“What! when you saved the day by your nimbleness and square common sense? See here, Frank, I’m mightily pleased with you, and if you will drop in here to-morrow I think I can put you in the way of earning a few more of those precious notes.”
Frank bowed his thanks and left the office with a light heart. He went straight home, entered the house quietly, and actually startled his mother by silently dropping the five-dollar bill on the book in her lap.
Mrs. Ismond shared her son’s pleasure when Frank recited his brisk experiences of the morning. He ate a good lunch with appetizing vigor, secured his bicycle repair kit, and was soon down the road, whistling cheerily all the way to the big woods.
As Frank neared the spot where he had left Christmas and the bicycle, he was greeted with loud and repeated barking.
“That’s strange,” he mused. “Christmas isn’t given to such demonstrations when on duty. Some one must have come in sight or hearing. Hey, old fellow, what’s all this rumpus?” questioned Frank, as, emerging from a copse, he came in full view of the dog.

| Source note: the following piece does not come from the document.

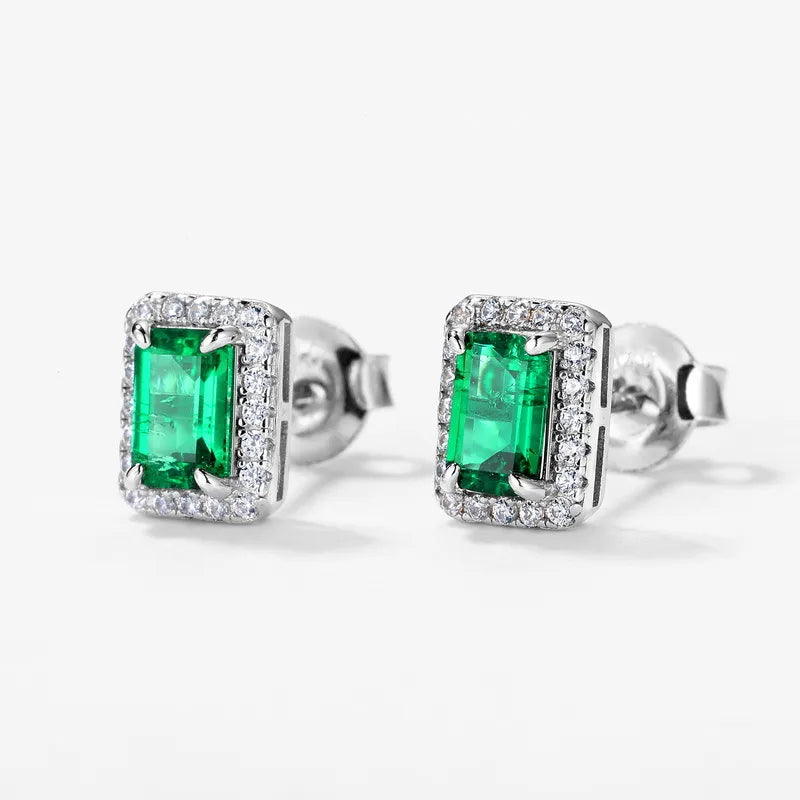 Aretes Plata Esterlina 925 con Esmeralda Cultivada y Circones

Christmas was running up and down in front of the bicycle. He would face in a certain direction and pose and bark. He even ran up to his master as Frank approached, and seizing his coat in his teeth gently but resolutely pulled him in the direction he had pointed.
“He means something by all this,” declared Frank. “Go ahead,” he ordered.
Christmas, thus advised, bounded forward among some big trees. Frank, coming up with him after a jaunt of about three hundred feet, found him squatted on his haunches under a giant oak tree, looking up among its branches. Frank looked up, too. A moving object attracted his attention.
“Why,” said Frank, staring fixedly, “it’s a balloon.”
This he discerned beyond question. He could plainly make out its slack rigging. An ungainly, half-distended gas bag was wobbling about in the topmost branches of the tree. Lower down, turned sideways and partly smashed in, was a big wicker basket.